Of particular interest to many researchers within the group is the NLRP3 inflammasome. Inflammasomes are multiprotein complexes that coordinate inflammatory responses by activating the pro-inflammatory cytokines interleukin-1b (IL-1b) and IL-18 in response to pathogens and sterile stressors. The NLRP3 inflammasome is the best characterised inflammasome and is a key player in the sterile inflammatory response, regulating inflammation in many neurodegenerative disorders. For example, NLRP3 recognises amyloid oligomers to trigger neuroinflammation in Alzheimer’s Disease. The NLRP3 inflammasome has been suggested as a promising target for anti-inflammatory drugs, given its involvement in multiple neurological conditions including multiple sclerosis, Alzheimer’s Disease, and epilepsy.

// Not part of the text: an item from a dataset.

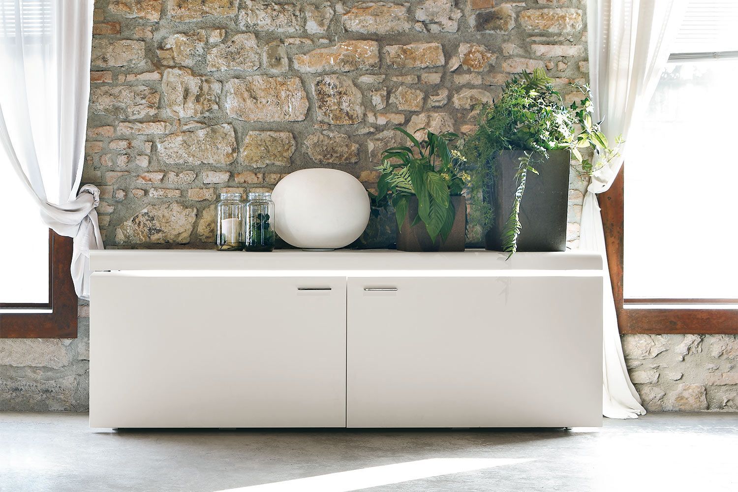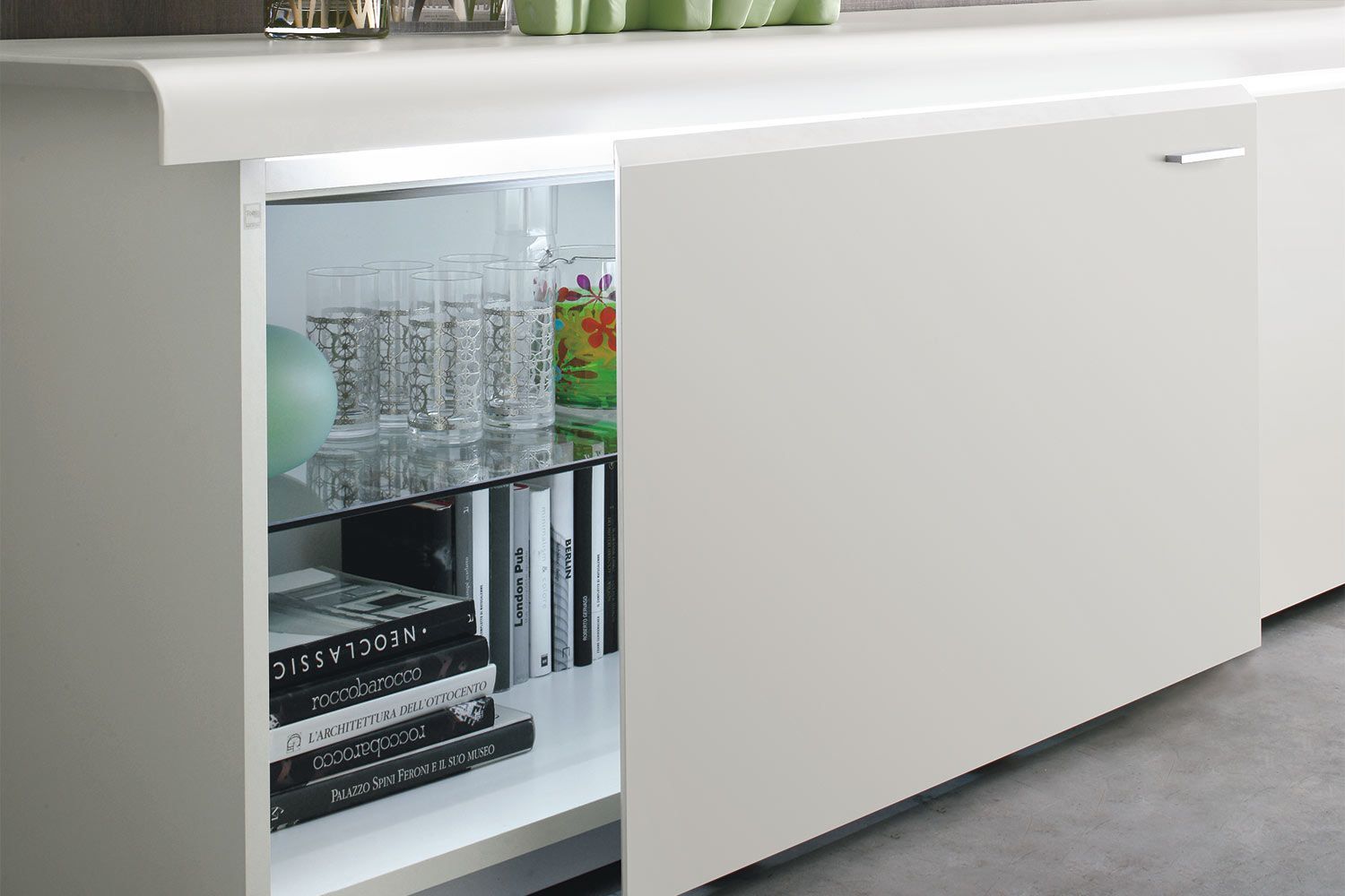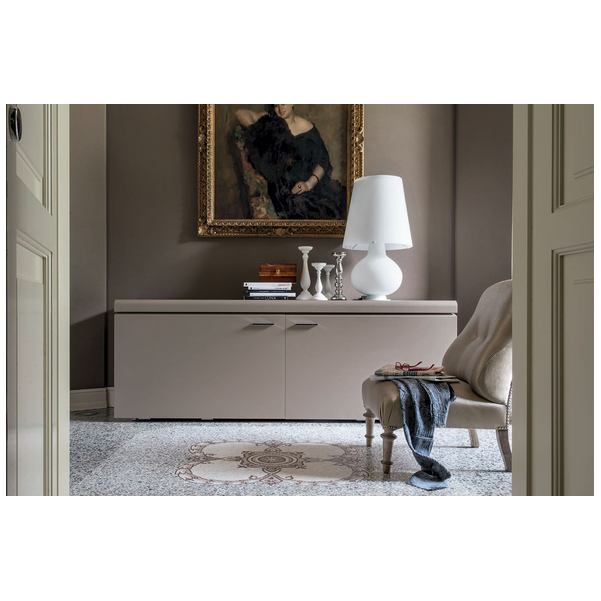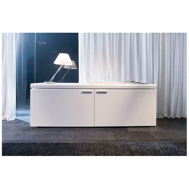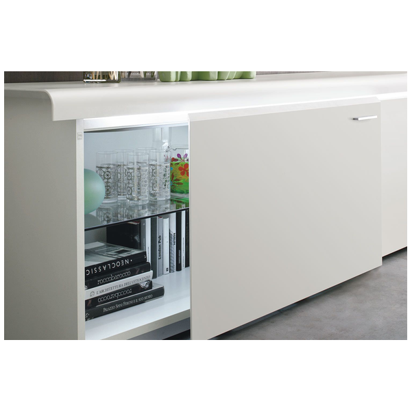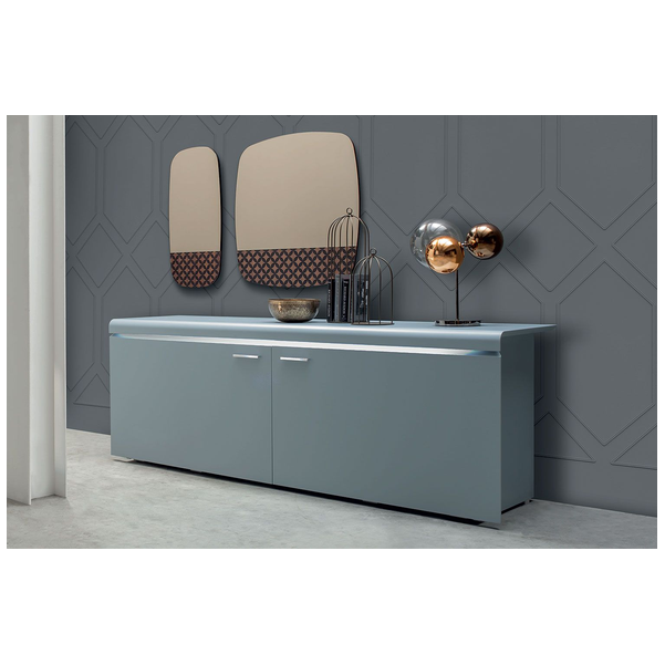 Komoda Goya firmy Tonin Casa to profesjonalna aleja do przechowywania, która łączy pragmatyzm, innowację i styl w wyrafinowaną miksturę. Wyprodukowany we Włoszech kredens Goya jest elegancki i subtelny z liniowo dominującą strukturą z zaokrąglonymi krawędziami i mechanizmem otwierania. Bufet Goya ma różne opcje matowego lakieru ramy. Przesuwane drzwi mają mechanizm otwierania i wewnętrzne wyjątkowo przezroczyste szklane półki, które są solidne i trwałe. Dla zwiększenia atrakcyjności dostępne są opcjonalnie światła LED.

Targeting the inflammasome

Jack Rivers-Auty, a  BBSRC Future Leader Research Fellow in the Brain Inflammation Group, wrote an excellent blog explaining the story that led to a class of non-steroidal anti-inflammatory drugs (NSAIDs)  known as the fenamates being identified as a potential therapeutic for Alzheimer’s Disease. The hypothesis that  these non-classical NSAIDs have inhibitory activity on the NLRP3 inflammasome was first tested by PhD student Mike Daniels, who recently graduated. Following on from this, Auty and his colleagues tested mefenamic acid in a mouse model of Alzheimer’s Disease and found that  brain inflammation was reduced and memory loss reversed.

This was incredibly exciting as this class of drugs have been used for pain relief in the clinic for years and as such are FDA approved, meaning the time it would take to validate and approve these drugs for clinical use would be greatly reduced.

It is clear that the Brain Inflammation Group are producing exciting research and PhD students within the group are heavily involved in their success. In the last month, a paper revealing the role of chloride ions in regulating the NLRP3 inflammasome was published, and earlier this year  the group revealed their characterised tool kit for the interrogation of NLRP3 inflammasome-dependent responses. In addition to this, three 1st year PhD students recently published a comprehensive review covering the NLRP3 inflammasome and its potential as a drug target. The review, written by Tessa Swanton and James Cook of the Division of Neuroscience and Experimental Psychology, and James Beswick, based in the Division of Pharmacy and Optometry, recently made the front page of SLAS Discovery.

The group’s research brings together expertise in a number of different diseases such as stroke and Alzheimer’s Disease, as well as providing a wide variety of skills and knowledge in different areas, including the involvement of medicinal chemists to allow the targeted development of new small molecule drugs. This collaborative effort has allowed significant progress to be made in the field of neuroinflammation and brain disorders.

The recent flurry of neuroinflammation research may not provide strong evidence that we should be eating chicken tikka masala for dinner every night… Nevertheless, it is certainly encouraging and suggests that therapeutic strategies to tackle these devastating disorders may be on the horizon.